Die Städte wachsen ständig und die Bodenpreise auch. Hier vom Stadtkern 10 Km entfernt ,aber noch Stadtteil, ein Acker in der Sichtweite zur Pertrochemie Aral , noch nicht erschlossen 4 Etagenhäuser schon verkauft und nicht ein Stein gelegt ne 80qm Wohnung nicht unter 750 Tausend Euro.
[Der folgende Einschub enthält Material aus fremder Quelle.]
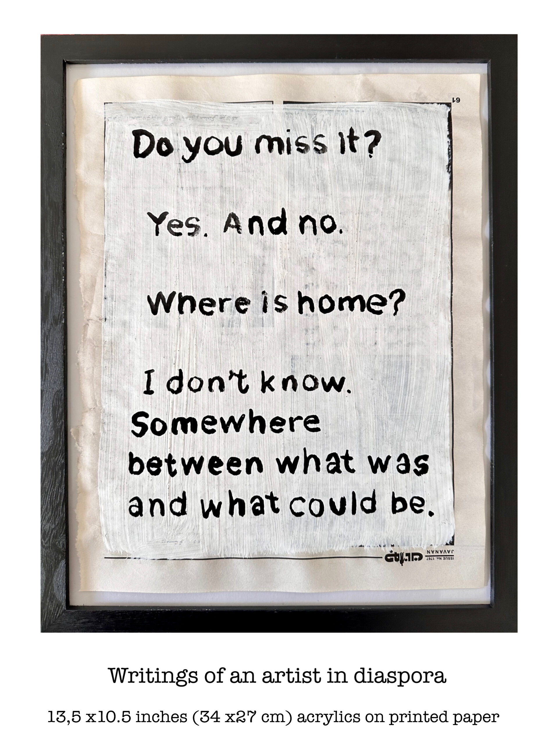 Words carry a heavy load, and by painting them, I am trying to convince myself that there is a home where I belong—wherever I might find it, wherever I might lose it.

40 Km entfernt wunderschöne leichte Hanglage Baujahr 1980 , 120qm Wohnfläche für 220 T. aber schlechte Anbindung. 2 Autos notwendig und Kindertaxi spielen.
Wir wurden aus der Stadt gedrängt bei 1400 Euro Miete , sind arme Leute und konnten die Miete nicht mehr bezahlen,- angefangen 1988 mit 520 DM für 154 qm sanierter Altbau im Stadtkern.,- mußten uns ein Haus kaufen im Speckgürtel,- Ein altes Fischerhaus , erster Stein noch von den Franken vor 2 Tausend Jahren. Aber ein Dach über dem Kopf durch Erweiterungen und Sanierungen seit nach dem Krieg und Ausbaufähig auf 180 qm Wohnfläche laut Kataster. Inzwischen Explodierten auch hier die Grundstückpreise , ältere Leute werden laufend von den Spekulanten Angeschrieben mit Frage zum Verkauf.

Also wer was hat, verkauft nicht , geht immer mit Einschränkungen einher, dann besser Zimmer vermieten wenns nicht anders geht.